Recently, they fired pepper spray at a group of women protesting in Kabul, demanding for provision of fundamental rights like work and education. In November, bodies of four female rights activists were found in controversial circumstances in the PD-1 of Afghanistan’s Mazar-e-Sharif province.
Earlier, a Women’s rights activist Frozan Safi was shot dead in northern Afghanistan in November last year. She went missing and then her body was found a month later. Women who protest demand for their rights are subjected to whips and sticks.
Since coming into power in August last, the Taliban rulers have imposed severe restrictions on Afghan women, denying them space in the public domain. Few months back, a group of Afghan women disappeared after taking part in protests. They were later released after a lot of hue and cry from the human rights activists at home and aboard. The enforced segregation in offices and educational institutions has led many employers to fire women from work and they are also denied key public sector jobs.

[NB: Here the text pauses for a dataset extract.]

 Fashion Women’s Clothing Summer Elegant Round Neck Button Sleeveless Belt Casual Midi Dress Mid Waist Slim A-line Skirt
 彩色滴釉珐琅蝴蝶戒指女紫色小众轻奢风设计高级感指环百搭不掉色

The takeover of Afghanistan by the Taliban has undoubtedly put women’s lives in perils and their rights are threatened in several ways with nothing clear about their future roles in politics, sports, social and economic fields of life .
Women are not only required to wear all covering burqa including covering of their face to comply with Taliban rules but they are also asked to be accompanied by a male relative when they step out of the house. Women’s sports have also been halted. While the Afghan football team members made their exit good to Pakistan, the female cricketers were not allowed to play.

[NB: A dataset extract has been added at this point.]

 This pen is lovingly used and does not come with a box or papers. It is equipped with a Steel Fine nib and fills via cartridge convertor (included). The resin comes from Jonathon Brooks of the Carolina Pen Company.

In September last year, the deputy head of the Taliban’s cultural commission, Ahmadullah Wasiq, was quoted to have told SBS News, “It isn’t “necessary” for women to play cricket because “they might face a situation where their face and body will not be covered. Islam does not allow women to be seen like this.”
The sports women including female cricketers are in hiding since the Taliban take-over.
It may be mentioned here that ICC wants countries to have women’s teams to qualify for full membership and Afghanistan has achieved this status in 2017.
To be very specific, though Taliban allowed women to continue their jobs within ‘limits’ which will be set by them, professions like sports, politics will be forbidden branches for women. Jobs like women drivers and women’s appointments at top on decision-making positions are still waiting response from the Taliban.
To be very specific, moves to restrict women to their homes and allow them to go out of their homes only when a male member follows them are very hard conditions for female to survive and on the outset it seems that life is going to be very tough for Afghan women, who are running from pillar to post to save their rights.